Günümüzde neredeyse tüm dijital elektronik cihazlar, mikroçip olarak da adlandırılan entegre devreler oluşturmak için kritik olan yarı iletkenler tarafından destekleniyor. Çip, üzerine transistörler olarak da adlandırılan devre elemanlarının yerleştirildiği yarı iletken bir metaldir. Bu metallere, elektriği ne tam olarak ilettiği ne de yalıttığı için yarı iletken de deniyor. Akıllı telefonlarımızdan arabalara, bilgisayarlardan buzdolaplarına kadar neredeyse her dijital ürüne giriyor bu yarı iletkenler.

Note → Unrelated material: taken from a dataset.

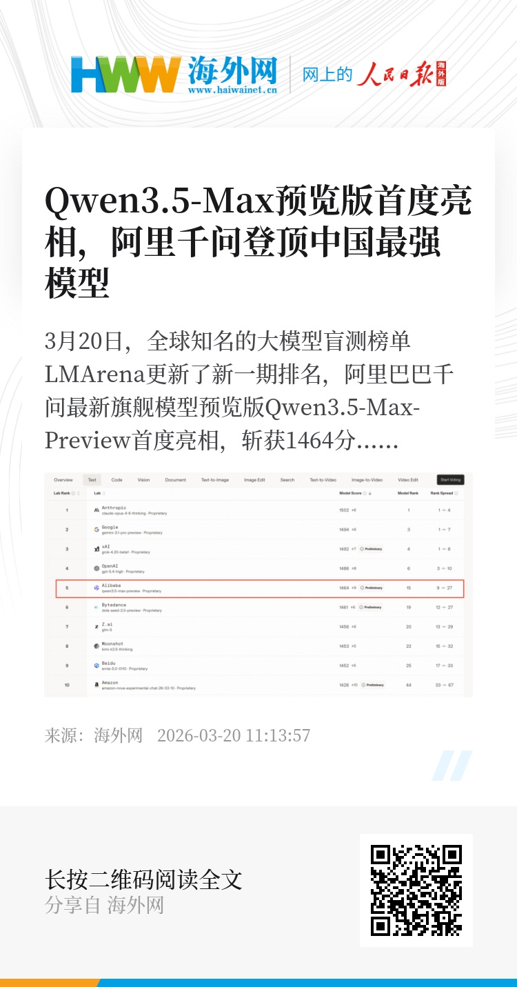 3月20日,全球知名的大模型盲测榜单LMArena更新了新一期排名,阿里巴巴千问最新旗舰模型预览版Qwen3.5-Max-Preview首度亮相,斩获1464分,超过了GPT5.4、Grok4.1等海外顶级模型,以及豆包2.0、GLM5、Kimi2.5等全部国产模型,问鼎中国最强大模型。据了解,千问3.5是阿里于今年除夕发布的最新一代大模型系列,目前已开源0.8B到397B的8款不同尺寸模型,此次亮相的Qwen3.5-Max-Preview是千问3.5系列旗舰模型的预览版,整体性能、专家级文本能力、数学能力均位列中国第一。有消息称,Qwen3.5-Max正式版或将于近期发布,能力还将继续进化升级。

Örneğin bilgisayarlar, eskiden hem kırılgan hem de çok fazla elektrik gerektiren tüplerden yapılıyordu. Fakat tüpler zamanla daha hızlı, ucuz ve verimli olan bu yarı iletkenler ile yer değiştirmeye başladı ve hızla çip kullanımı arttı. Otomotiv sektöründe araç tipi ve segmentine göre değişmekle birlikte ortalama bir binek araçta üç bin civarı çip bulunuyor. Oldukça büyük olan bu sektörde 2020 yılında dünyada 440 milyar dolarlık çip satışı yapıldığı tahmin ediliyor ki Türkiye’nin 2020 yılı milli geliri 720 milyar dolar. Her geçen gün dijital cihazlarda bu çiplerin kullanımının artması da çiplerin üretiminin hayatımızda kritik bir yer kapladığını gösteriyor. Fakat çip üretimi Covid-19 salgını ile birlikte aksaklıklar yaşamaya başladı.
Pandemi Etkisi
2020 yılı başında ortaya çıkan salgınla birlikte otomobillere yönelik genel tüketici talebi oldukça düştü ve bu düşüş 2020’nin ilk yarısına kadar devam etti. Talebin düşmesiyle birlikte otomotiv üreticileri de çip siparişlerini iptal ettiler. Öte yandan, salgın ile birlikte daha fazla insan uzaktan çalışmaya ve evde daha fazla vakit geçirmeye başladı. Bu durum bir yandan bilgisayar ekipmanı, mobil cihazlar ve oyun konsollarına olan talebi artırırken bir yandan da 5G ve bulut tabanlı hizmetler büyümeye başladı.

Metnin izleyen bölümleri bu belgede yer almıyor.